[Study material]
=====

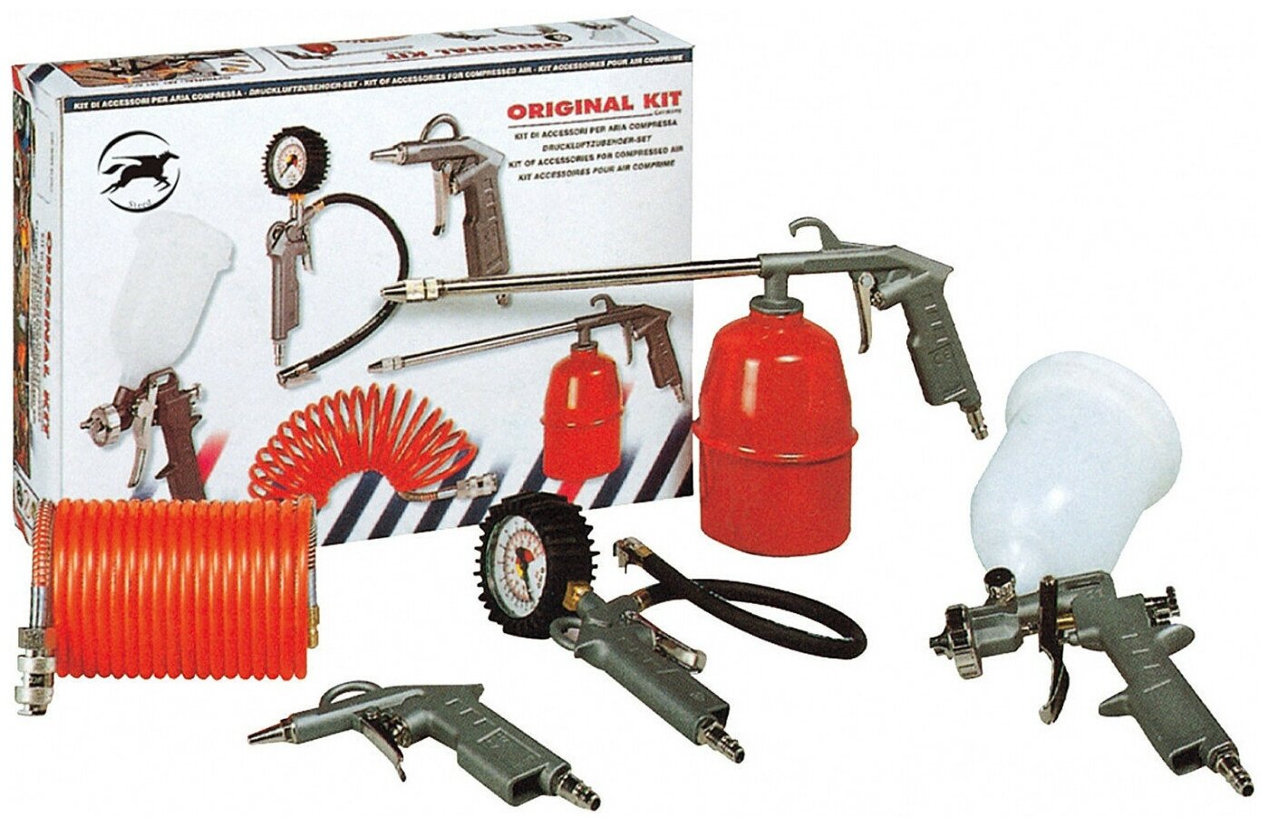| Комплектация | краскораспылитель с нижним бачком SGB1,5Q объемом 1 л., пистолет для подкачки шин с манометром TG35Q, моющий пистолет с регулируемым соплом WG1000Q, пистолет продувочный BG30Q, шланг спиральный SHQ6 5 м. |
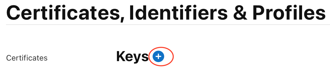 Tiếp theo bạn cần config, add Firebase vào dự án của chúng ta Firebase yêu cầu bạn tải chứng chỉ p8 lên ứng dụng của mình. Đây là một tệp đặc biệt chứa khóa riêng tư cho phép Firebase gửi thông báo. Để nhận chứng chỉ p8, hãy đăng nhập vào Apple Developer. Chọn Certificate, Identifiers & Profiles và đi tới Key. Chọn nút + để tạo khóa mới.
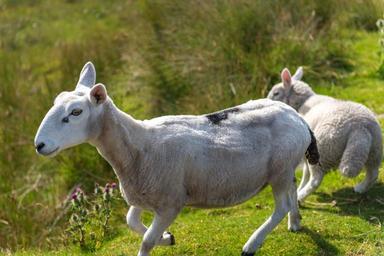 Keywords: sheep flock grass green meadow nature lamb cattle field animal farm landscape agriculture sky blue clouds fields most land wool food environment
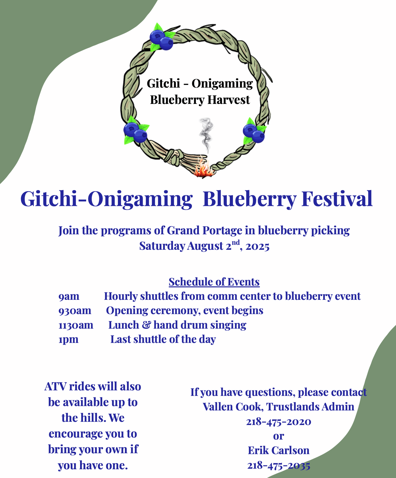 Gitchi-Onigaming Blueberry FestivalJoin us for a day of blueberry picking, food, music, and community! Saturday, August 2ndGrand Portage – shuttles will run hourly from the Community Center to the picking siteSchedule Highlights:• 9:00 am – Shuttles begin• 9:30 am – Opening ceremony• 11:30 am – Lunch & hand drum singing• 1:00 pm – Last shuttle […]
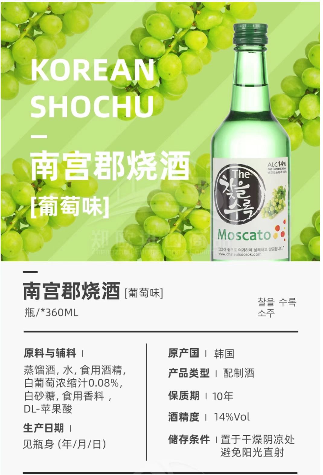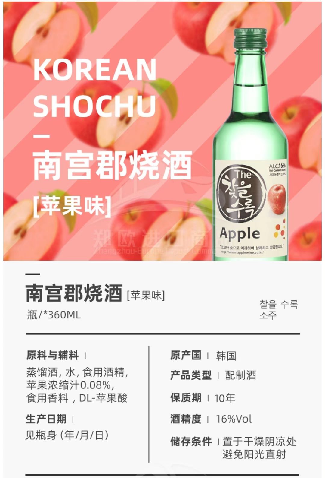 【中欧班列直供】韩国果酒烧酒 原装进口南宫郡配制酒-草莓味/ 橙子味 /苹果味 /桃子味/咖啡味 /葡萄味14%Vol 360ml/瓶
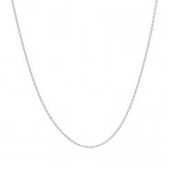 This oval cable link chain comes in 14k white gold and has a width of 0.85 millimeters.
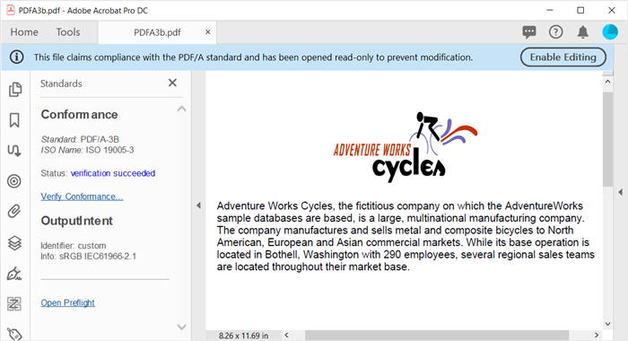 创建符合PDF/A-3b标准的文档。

=====

[Requirement] Please set down every record exactly as it appears, leaving out the pictures.

[Task result]
| Комплектация | краскораспылитель с нижним бачком SGB1,5Q объемом 1 л., пистолет для подкачки шин с манометром TG35Q, моющий пистолет с регулируемым соплом WG1000Q, пистолет продувочный BG30Q, шланг спиральный SHQ6 5 м. |
 Tiếp theo bạn cần config, add Firebase vào dự án của chúng ta Firebase yêu cầu bạn tải chứng chỉ p8 lên ứng dụng của mình. Đây là một tệp đặc biệt chứa khóa riêng tư cho phép Firebase gửi thông báo. Để nhận chứng chỉ p8, hãy đăng nhập vào Apple Developer. Chọn Certificate, Identifiers & Profiles và đi tới Key. Chọn nút + để tạo khóa mới.
 Keywords: sheep flock grass green meadow nature lamb cattle field animal farm landscape agriculture sky blue clouds fields most land wool food environment
 Gitchi-Onigaming Blueberry FestivalJoin us for a day of blueberry picking, food, music, and community! Saturday, August 2ndGrand Portage – shuttles will run hourly from the Community Center to the picking siteSchedule Highlights:• 9:00 am – Shuttles begin• 9:30 am – Opening ceremony• 11:30 am – Lunch & hand drum singing• 1:00 pm – Last shuttle […]
 【中欧班列直供】韩国果酒烧酒 原装进口南宫郡配制酒-草莓味/ 橙子味 /苹果味 /桃子味/咖啡味 /葡萄味14%Vol 360ml/瓶
 This oval cable link chain comes in 14k white gold and has a width of 0.85 millimeters.
 创建符合PDF/A-3b标准的文档。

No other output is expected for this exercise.